Individuals with low testosterone and normal or low serum LH levels may
require further evaluation. After resolving these issues, treatment with
supplemental testosterone can begin. Many studies have demonstrated improved
function with testosterone replacement. Investigators have found that
treatment resulted in increased sexual interest and an increased number
of spontaneous erections. Men taking testosterone replacement therapy
also were less depressed, angry and fatigued.
As seen in the accompanying chart, testosterone replacement therapy can
be offered in a variety of forms. Together, the patient and his physician
can select a mode of acceptable treatment.
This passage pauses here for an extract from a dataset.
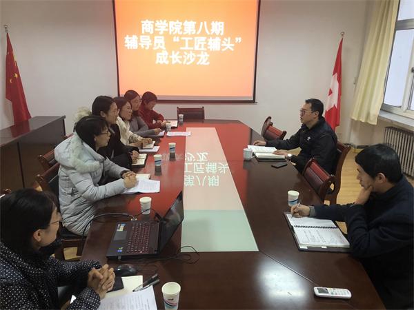 12月11日下午,商学院在1教403会议室开展第八期“工匠辅头”辅导员成长沙龙,集中学习曲建武教授《做大学生人生成长的指导者和引路人》报告会精神。党总支书记王粲、副书记董兰国,全体辅导员参加了学习讨论。

Pills. Although methyl testosterone is manufactured in capsule or pill
form, it is not recommended for testosterone replacement in men. When
capsules/pills are swallowed and absorbed into the bloodstream, they are
quickly broken down by the liver and do not achieve high enough blood
levels to be useful unless given in large doses (40 mg/day to 50 mg/day).
At these doses, they may cause adverse changes in blood lipids (fats)
and liver damage. Testosterone indecanoate is moderately effective, but
it must be given in capsular form three times daily. It has unique properties
that reduce rapid metabolism by the liver.
Injections. Deep muscle injections do not have to be taken daily but
are instead given every 10days to 21 days. With injections, blood levels
peak about two to three days after dosing and slowly decline during the
next one to two weeks. The injections are painful, and fluctuations in
serum levels of testosterone may be accompanied by changes in mood and
a sense of well-being. Injectable therapy usually is the least expensive
way to provide testosterone replacement, and it requires the least patient
motivation and compliance.
Transdermal (through the skin) delivery systems. Gel and patch systems
offer other advantages. Both are easy-to-apply systems that provide continuous
delivery of testosterone. The water/alcohol mixture in the gel system
dries quickly and the testosterone is readily absorbed into the skin,
which serves as a reservoir for the sustained release of testosterone
into the bloodstream. The site of application should be covered, or direct
contact with women and children should be avoided. Skin reactivity with
the gel seems to be limited in studies at the present time. Patches may
cause local reactions in some patients. Most common complaints consist
of itching or irritation and rarely blister formation at the application
site and they may fall off when the individual sweats.
With any testosterone delivery system, prolonged use may result in breast
enlargement or increased risk of prostate enlargement or cancer in older
men. In addition, patients with preexisting heart, kidney or liver disease
may experience fluid accumulation with or without heart failure. Men with
breast cancer or known or suspected prostate cancer should not receive
testosterone therapy. The patch and gel products are not indicated for
use in women. Testosterone may cause fetal harm.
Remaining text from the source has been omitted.